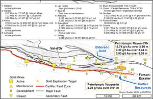 This geophysical program has allowed to define on the Vauquelin Property a structural context comprising several deformation corridors which are favorable to the presence of gold mineralization, as evidenced by the gold mineralization previously defined by drilling on the Rayon d'Or gold zone. This structural context is similar to that of the Chimo mine owned by Cartier Resources and located less than 5 km south of Vauquelin (Figure 1). Like on the Vauquelin Property, mineralization at the Chimo mine includes numerous gold zones associated with structures present in three deformation corridors (Cartier Resources web site).
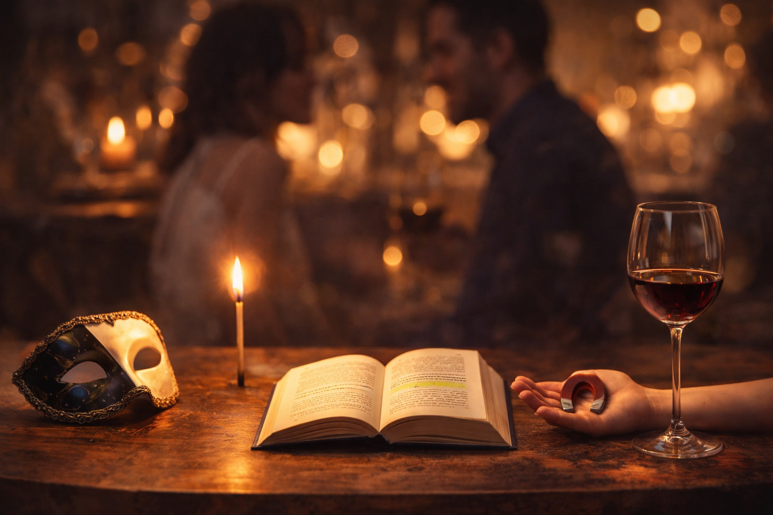 Imaginează-ți o primă întâlnire care încă nu e o întâlnire. O privire, un spațiu comun, nimic spus direct. În fața ta apar cinci gesturi-obiect. Nu te gândi ce "sună bine" alege ce ai face instinctiv.
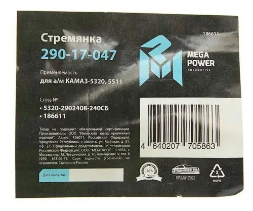 | Наименование | Стремянка КАМАЗ-5320,5511 рессоры передней L=240мм;М20х1.5мм кованая в сборе MEG |
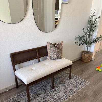 Obsessed with this bench in my entryway! Love that it has a back and it’s comfortable for my guests! Def get this to bring some warmth and character into your space.

☆ ☆ ☆ ☆ ☆

== Exercise ==
Return the listing above in full and unaltered. Keep the pictures out.

== Response ==
 This geophysical program has allowed to define on the Vauquelin Property a structural context comprising several deformation corridors which are favorable to the presence of gold mineralization, as evidenced by the gold mineralization previously defined by drilling on the Rayon d'Or gold zone. This structural context is similar to that of the Chimo mine owned by Cartier Resources and located less than 5 km south of Vauquelin (Figure 1). Like on the Vauquelin Property, mineralization at the Chimo mine includes numerous gold zones associated with structures present in three deformation corridors (Cartier Resources web site).
 Imaginează-ți o primă întâlnire care încă nu e o întâlnire. O privire, un spațiu comun, nimic spus direct. În fața ta apar cinci gesturi-obiect. Nu te gândi ce "sună bine" alege ce ai face instinctiv.
 | Наименование | Стремянка КАМАЗ-5320,5511 рессоры передней L=240мм;М20х1.5мм кованая в сборе MEG |
 Obsessed with this bench in my entryway! Love that it has a back and it’s comfortable for my guests! Def get this to bring some warmth and character into your space.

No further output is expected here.